The Central Wasatch mountain range is beloved by those of us who live along both sides of its ridge line. We hike, we bike, we ski, we discover wildlife, we ramble and amble and find solitude amid one of the world’s most spectacular backyards. And even as these mountains are source of peace and spiritual renewal they are also, literally, the reason life is possible in Utah’s arid climate. More than 500,000 people rely on these mountains as a water source. And Utah is one of the fastest growing states in the union in no small part because of the quality of life these mountains provide.
“If this process fails,” says Mountain Accord Program Director Laynee Jones. “It will be another 30 years before anyone tries anything like it. We must come to some decisions and take action now. With the growing population, the Central Wasatch will continue to be pinched from both sides and what we love about these mountains will suffer. The cost of doing nothing is too high.”

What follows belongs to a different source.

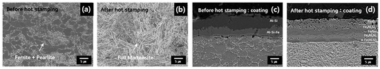 To analyze the martensitic phases, all specimens were etched in a Nital solution. Micrographs of the hot-stamped steels are shown in Figure 2 before and after the hot stamping procedure. As shown in Figure 2, the as-received initial cold-rolled blanks had a pearlitic-ferritic dual phase before the hot stamping procedure. In the furnace, the microstructure had an austenitic phase. The final automotive parts had a fully martensitic microstructure with a grade of 1800 MPa, and the Al–Si coating was fully transformed into Fex–Aly–(Si) compounds after hot stamping as shown in the Figure 3c,d. Table 2 lists the original mechanical properties with a typical tensile test in a specimen worked from the 300 × 300 sheet plates. The final specimens had a fully martensitic microstructure with a grade of 1800 MPa and an elongation with a value of about 8 El.%.

To that end, Mountain Accord has brought to the table more than 20 organizations—from city governments to environmental watchdogs, from ski resort managers to conservation groups— and nearly 200 stakeholders to discuss a plan for future that preserves the legacy of the Wasatch.
This document represents the consensus among all of the organizations working toward Accord, it is not a perfect document nor even, a legally binding one. It represents more than a year of meetings and public comment and is the consensus thus far. When signed it will represent a public statement of commitment to proceed with the agreed-upon actions with the goal to ensure the activities we enjoy in the Central Wasatch will continue while protecting the valuable watershed and sensitive environmental area that we all benefit from.
This draft of the Accord details the intent and purpose of the accord as well as its intended outcomes. Below you’ll find details about a historic land swap in Big and Little Cottonwood Canyon, the brass tacks about plans to study further transportation and transit options in Parley’s Canyon and Big and Little Cottonwood Canyons, that will serve all segments of the population in all seasons and particulars about plans to seek special federal designation for the Central Wasatch Range, which will require federal approval and jumping through the hoops of the National Environmental Policy Act (NEPA).
The work, to be sure, is not done. But this document represents unprecedented cooperation among all of the organizations that have concern for the future of the Central Wasatch Range.
NOTE: Previous language in the Accord detailing of proposed land exchange that involved acreage in Utah County’s American Fork County has been deleted. Signers agreed to respect Utah County’s jurisdiction in the matter and are not taking a position on the land proposal as it relates to Utah County.